Wednesday, September 2, 2009

Rototilling Weeds

Here is a question sent to me in June 2009 about rototilling weeds.

We're starting to get serious about landscaping our backyard. Time and money have been the main reasons we've been unable to since we moved in. Since we've moved in, the area has been taken over by weeds. I tried to work on removing them, but it's turning out to be a lot of back breaking work!!! I went to home depot and they notified me that rototilling it would be my best bet. but they mentioned to rototill the area, and then leave whatever's been tilled there, including the weeds. I understand that this will turn into a good compost for the ground? If we have plans to eventually lay out patio blocks for a sitting area, should I keep the tillings there still? And for the areas that we'd like to just have rocks, or maybe bark, should we also leave them there? As you can tell, I'm pretty novice to this, so any advice would be greatly appreciated.

It may take a while for you to control your weeds. You need to remove the roots from the area you have rototilled. Many weeds can regenerate from just a small piece of root. If the weeds have set & dispersed seeds, which they probably have, you will have many new weeds growing in the area. Rototilling will not destroy weed seeds, it will merely move them around. You will have to pull weeds, by 1 means or another, for 6 months or a year. Weeds do not make good compost because they are full of seeds.

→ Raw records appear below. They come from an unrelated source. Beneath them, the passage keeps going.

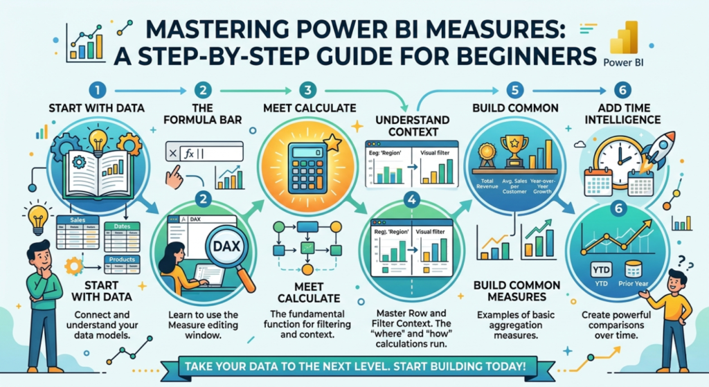 Measures in Power BI are dynamic DAX-based calculations used for aggregations like SUM or AVERAGE. They adjust automatically to filters and visuals, making reports interactive, efficient, and essential for data analysis and KPIs.
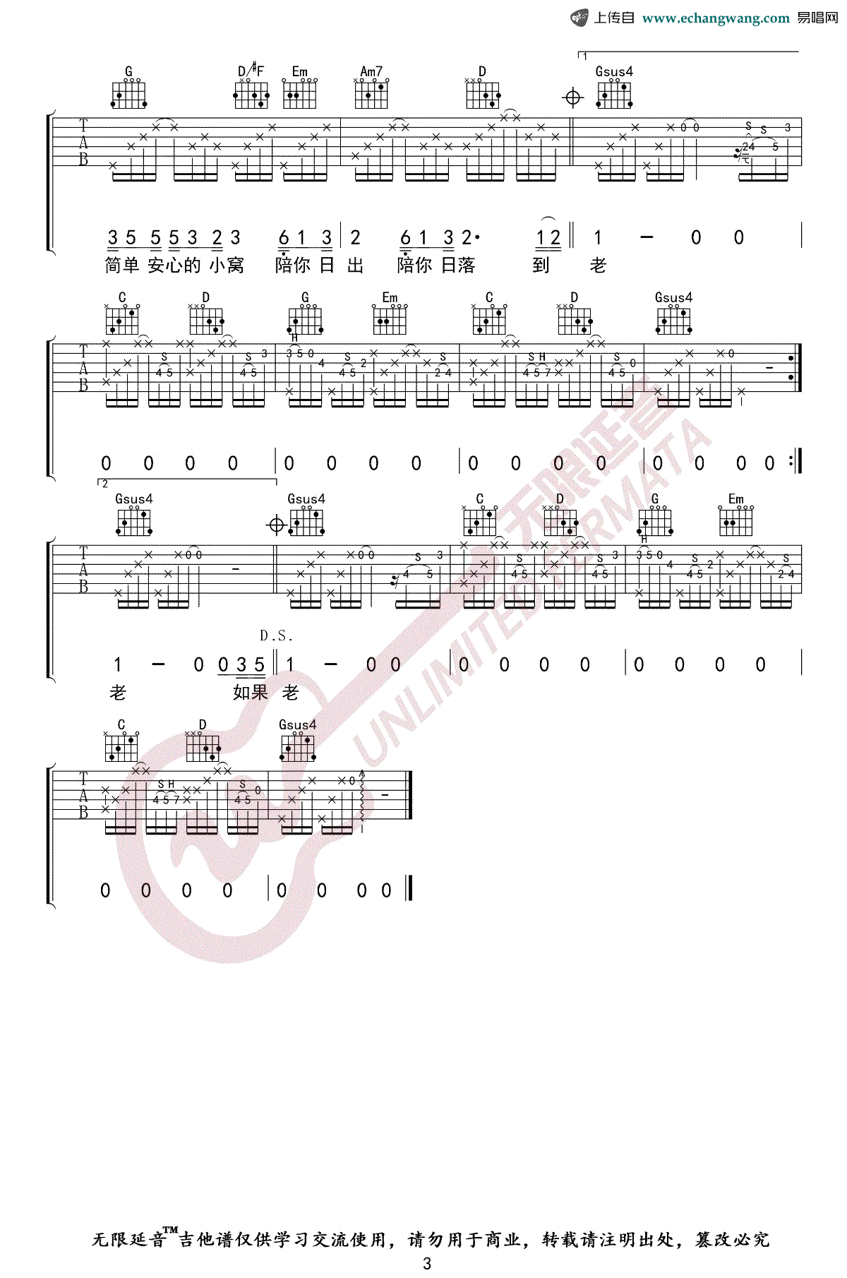 - 你的万水千山吉他谱_海来阿木_G调弹唱谱
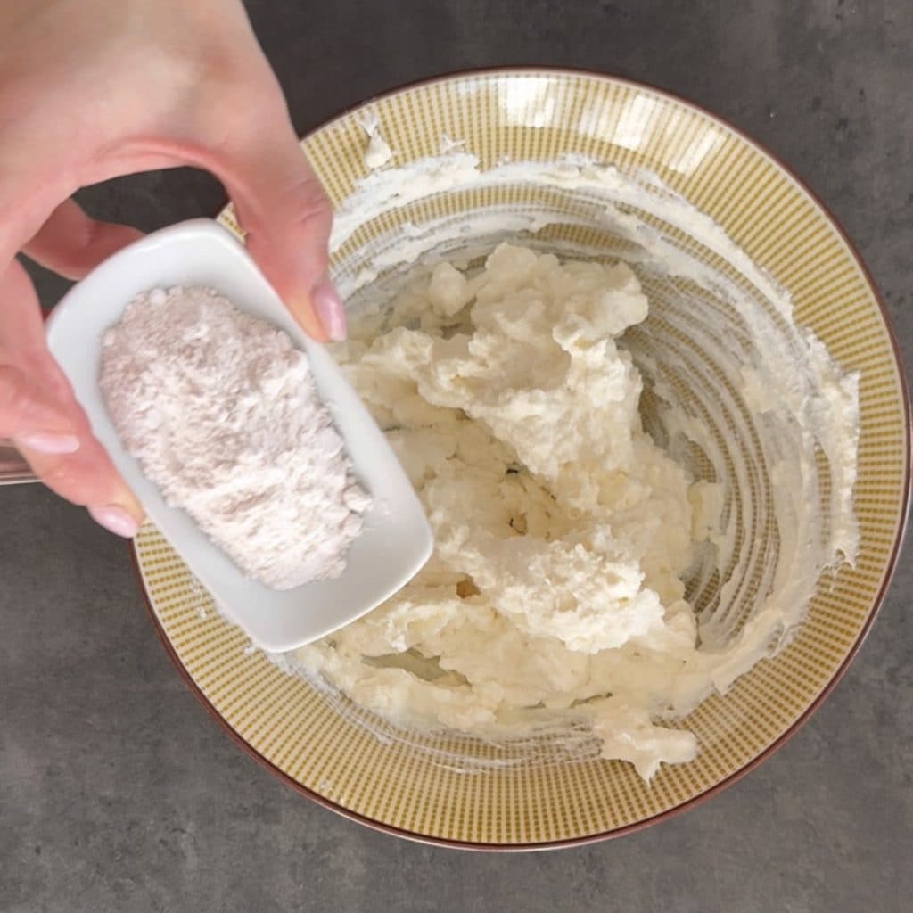 e a farinha em duas vezes, na primeira vez incorpore a farinha com um garfo,
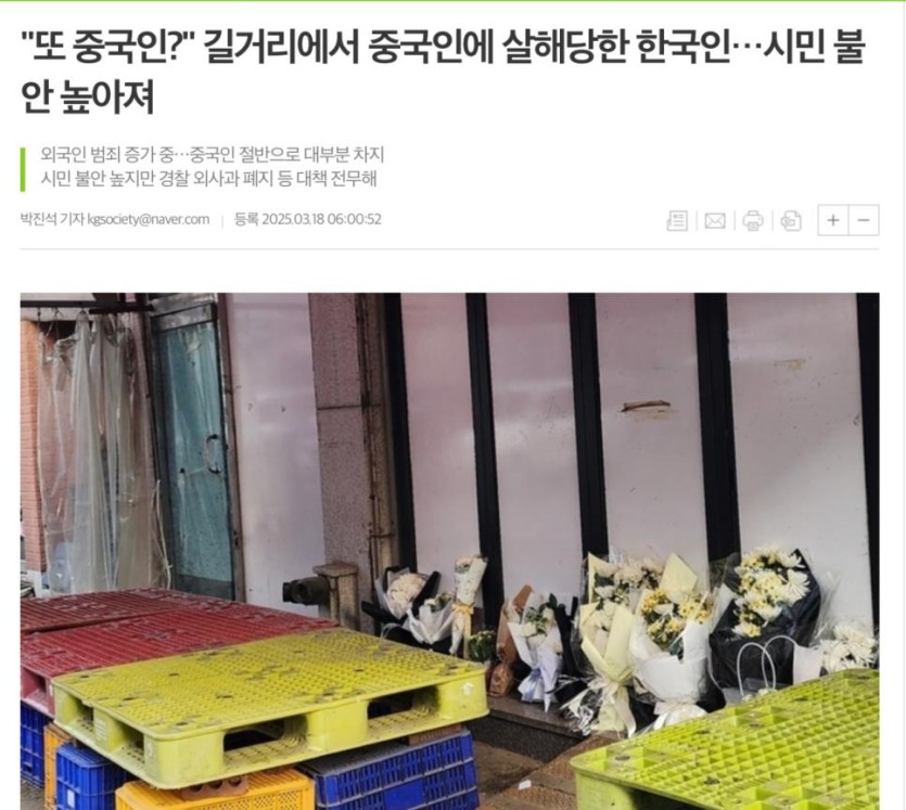 길거리에서 중국인에 살해당한 한국인.. rh1 0 257 0 2025.03.19 08:00 https://kgnews.co.kr/news/article.html?no=835413지난 7일 오전 3시 29분쯤 수원시 장안구 정자동의 길거리에서 중국인 40대 A씨가 한국인 60대 B씨에게 흉기를 휘둘렀다.이들은 팔달구 우만동에서 각자 청과물을 운영하던 업주들로, A씨는 B씨가 본인의 가게를 험담해 범행했다는 취지로 진술했다.인근 자영업자 C씨는 "온 동내가 흉흉하다. 안 그래도 중국인을 포함한 많은 외국인들이 거주하고 있어 가끔 놀라기도 한다"며"외국인이 잠재적 범죄자라는 편견을 가져선 안 되겠지만 무서운 건 사실"이라고 전했다.특히 중국인 밀집 지역인 수원역 인근 주민들은 밤에 마음 놓고 돌아다니지 못한다며 불안을 호소하기도 했다.팔달구 고등동 주민 D씨는 "수원역에서 조금만 더 들어가면 중국인 밀집 거리가 나오는데 밤에는 함부러 돌아다닐 엄두가 나지 않는다"며"자칫 시비라도 걸렸다가 흉기를 휘두르면 꼼짝없이 당하는 것 아닌가. 최대한 방문을 자재하려 한다"고 호소했다.다른 주민 E씨는 "간판이 모두 중국어로 적혀있는 고등동 일대에선 밤마다 싸움이 벌어지거나 고성이 오가는 등 무서운 동내"라며"대한민국이 글로벌 사회가 되면서 외국인 증가를 막을 순 없겠지만 그에 대한 국민들의 불안감을 해소해야 하지 않겠나. 대책이 필요하다"고 토로했다. 0
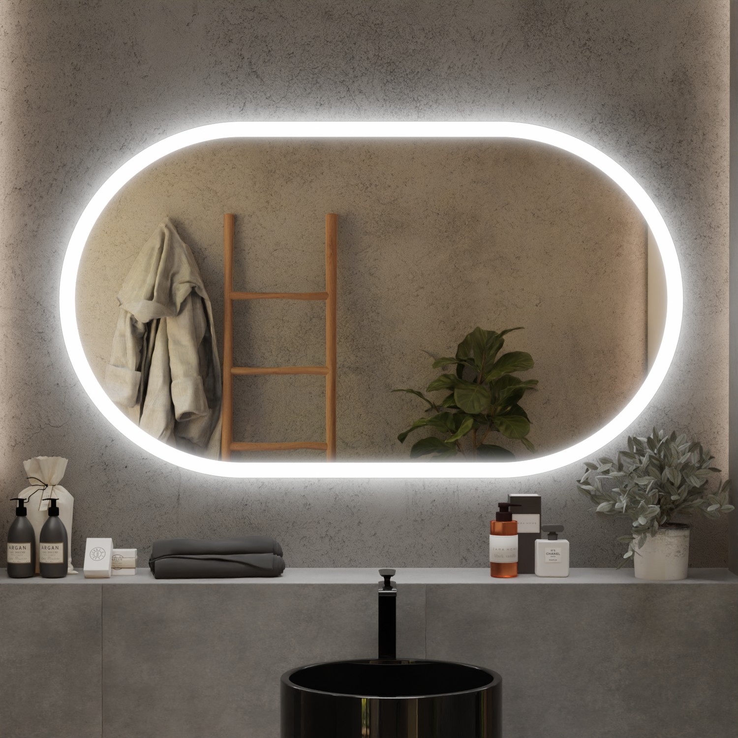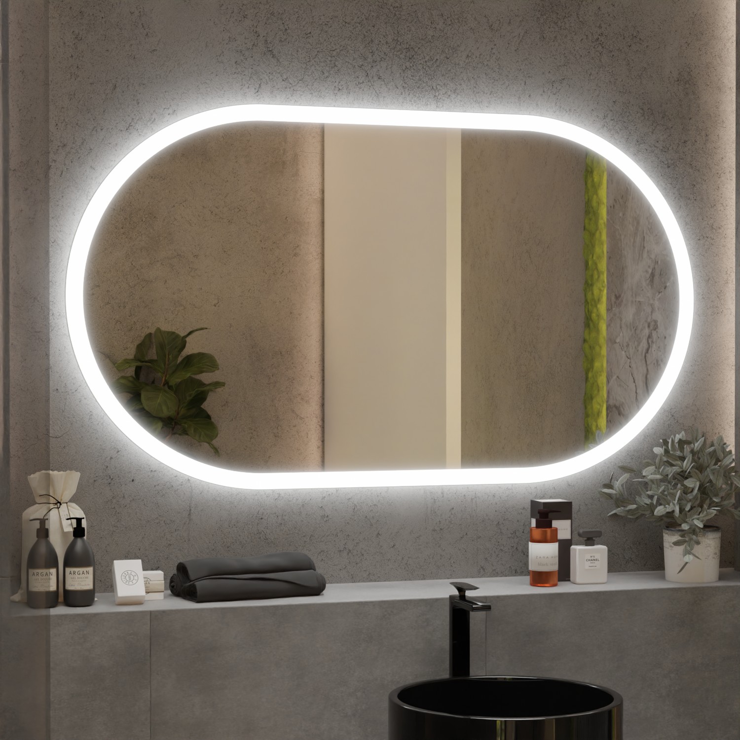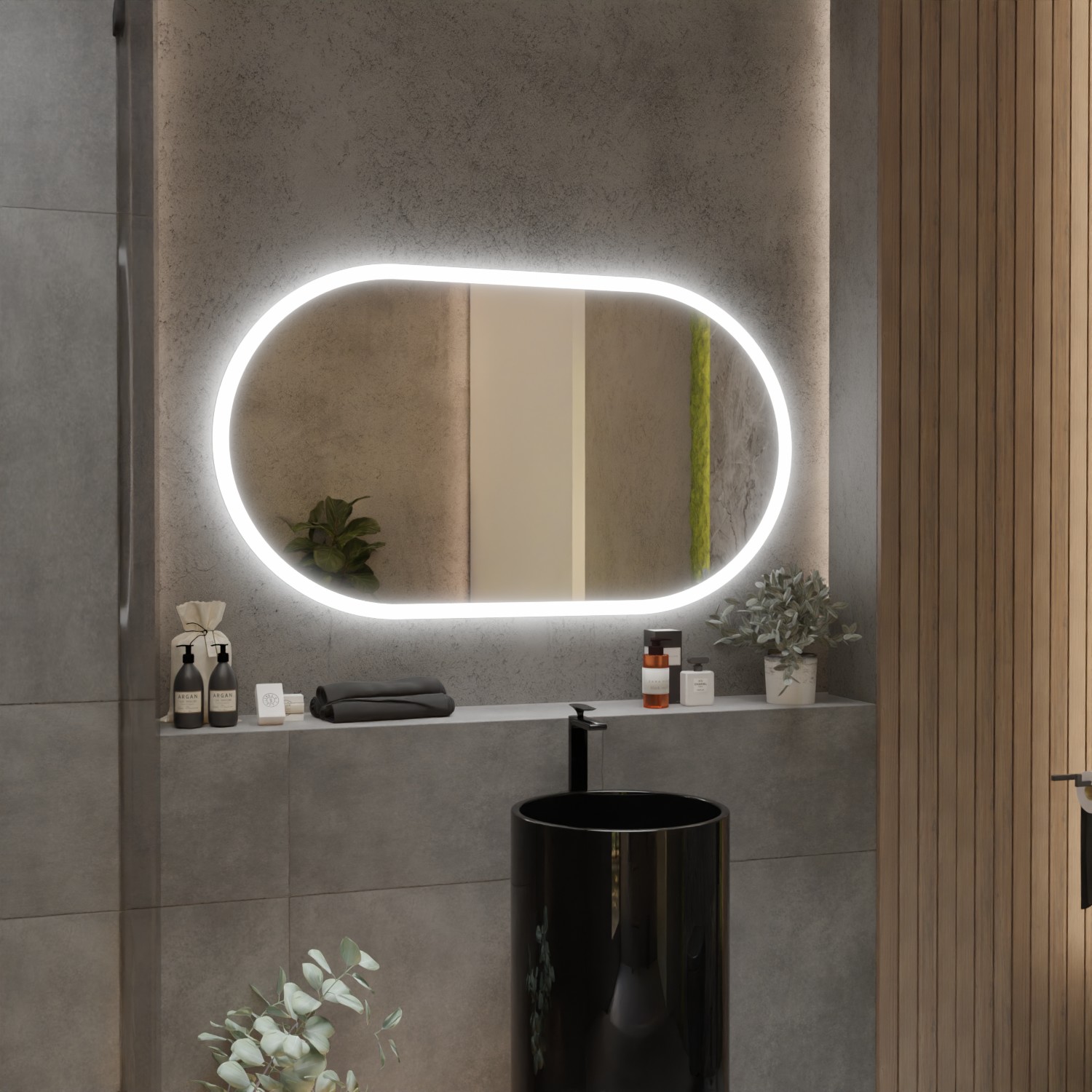 - Warm- und Kaltweiß inkl. Doppel-Touch-Sensor: Es befinden sich auf der Spiegeloberfläche zwei Touch-Sensoren. Der eine Sensor ist für das warmweiße und der andere für das kaltweiße Licht. Wenn beide Sensoren eingeschaltet sind entsteht eine Art Tageslichtweiß. Der Stromverbrauch steigt dadurch allerdings. Bei dieser Option ist die Beleuchtung nicht dimmbar. Für den Fall, dass die Stromzufuhr unterbrochen wird, gibt es keine Memory-Funktion.
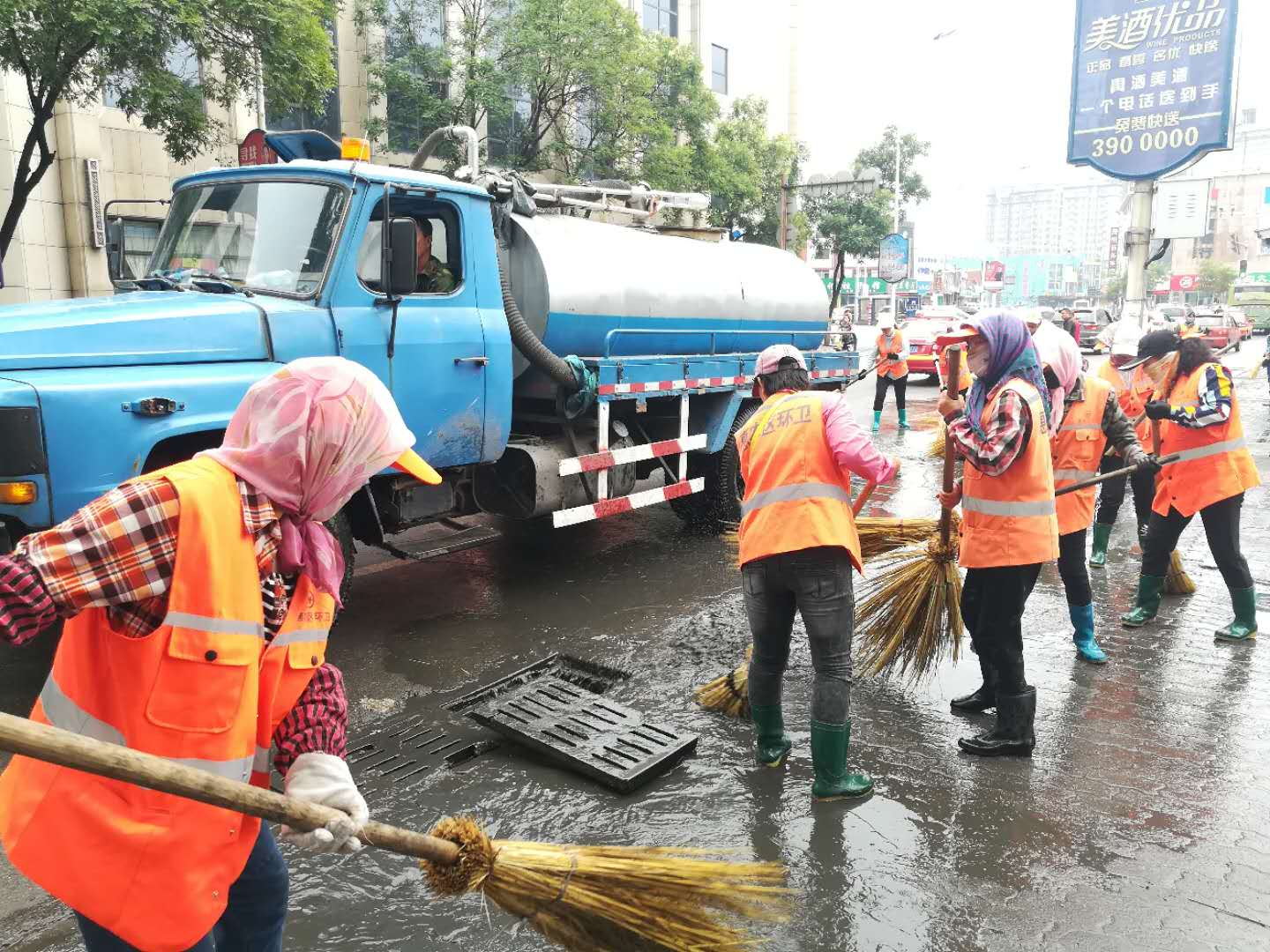 2020年9月13日下午17點(diǎn)左右,惠農(nóng)區(qū)突降暴雨,主城區(qū)街路出現(xiàn)多處大面積積水。各組組長(zhǎng)迅速組織人員,拿上鐵鍬、掃帚冒雨清理路段積水和淤泥,不見(jiàn)路面干凈不回家,一直干到深夜,直到路面恢復(fù)正常、無(wú)淤泥,環(huán)衛(wèi)工人才拖著疲憊的身軀回家休息。
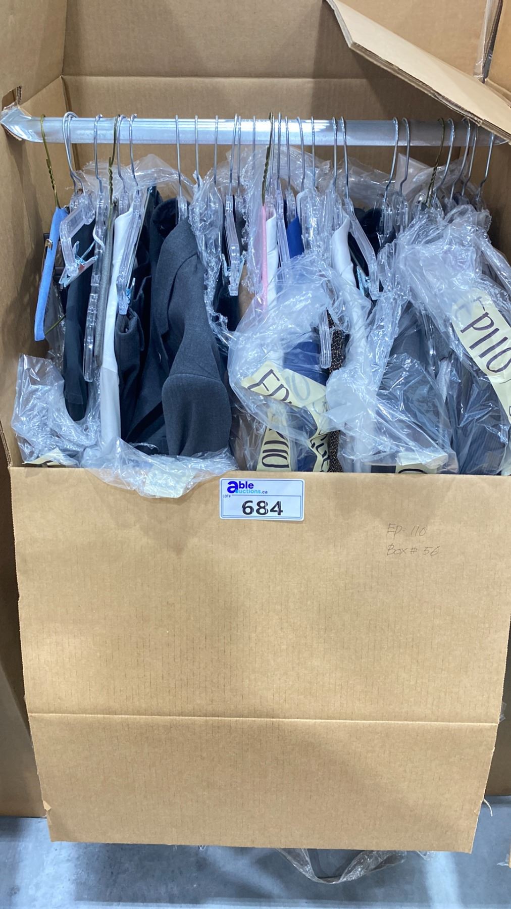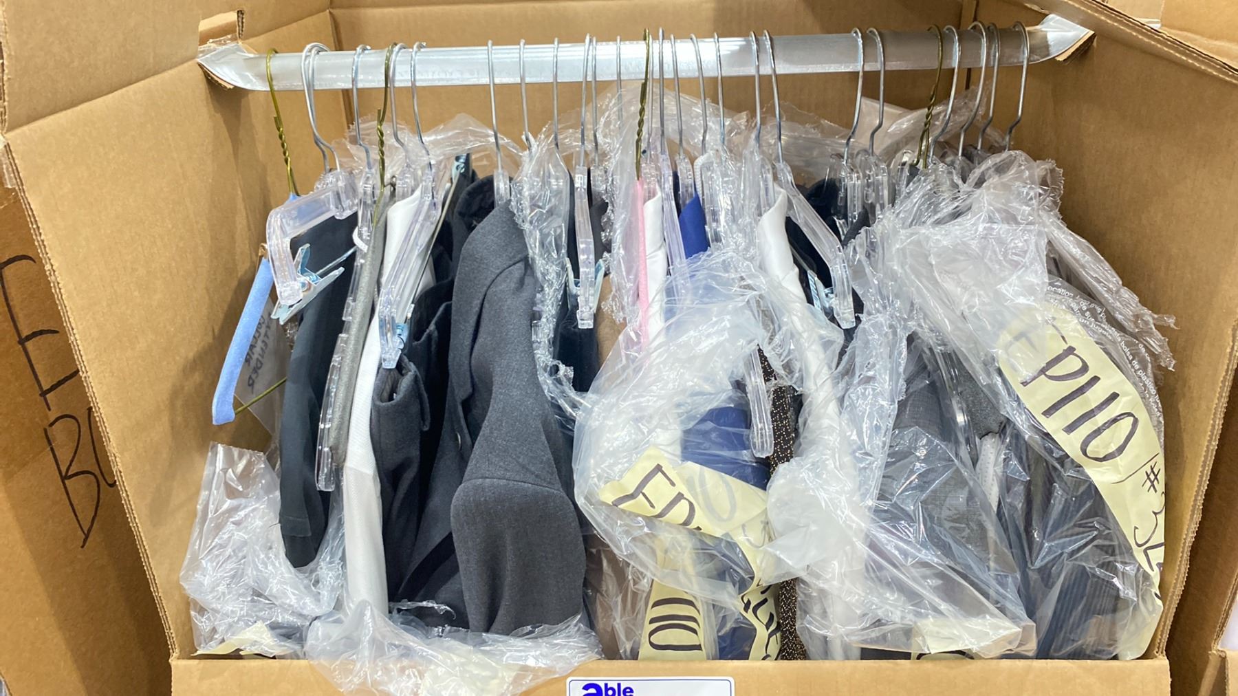 WARDROBE BOX OF ASSORTED CLOTHING (BOX AND ALL CONTENTS MUST BE TAKEN)

If you lay out blocks for a patio, you will likely have weeds growing in the cracks. These will come both from seeds remaining from the rototilling & from new seeds blowing in from the surrounding area. Rototilled ground is loose & will settle. It is much better to lay paving materials on hard-packed earth. Otherwise, your blocks will sink over time, settling unevenly. It would be better to scrape off the top layer of soil with the weeds in it, or pull the weeds. If you have particularly pernicious weeds in your yard, like blackberry, don't pave over them. They have deep & extensive roots. They will definitely come up through the paving.

I'm sorry to tell you that weeding is forever, even in areas with bark or rocks, although bark does help for awhile. The best defense against weeds is to plant shrubs & groundcovers. Most weed seeds will not sprout on densely shaded ground.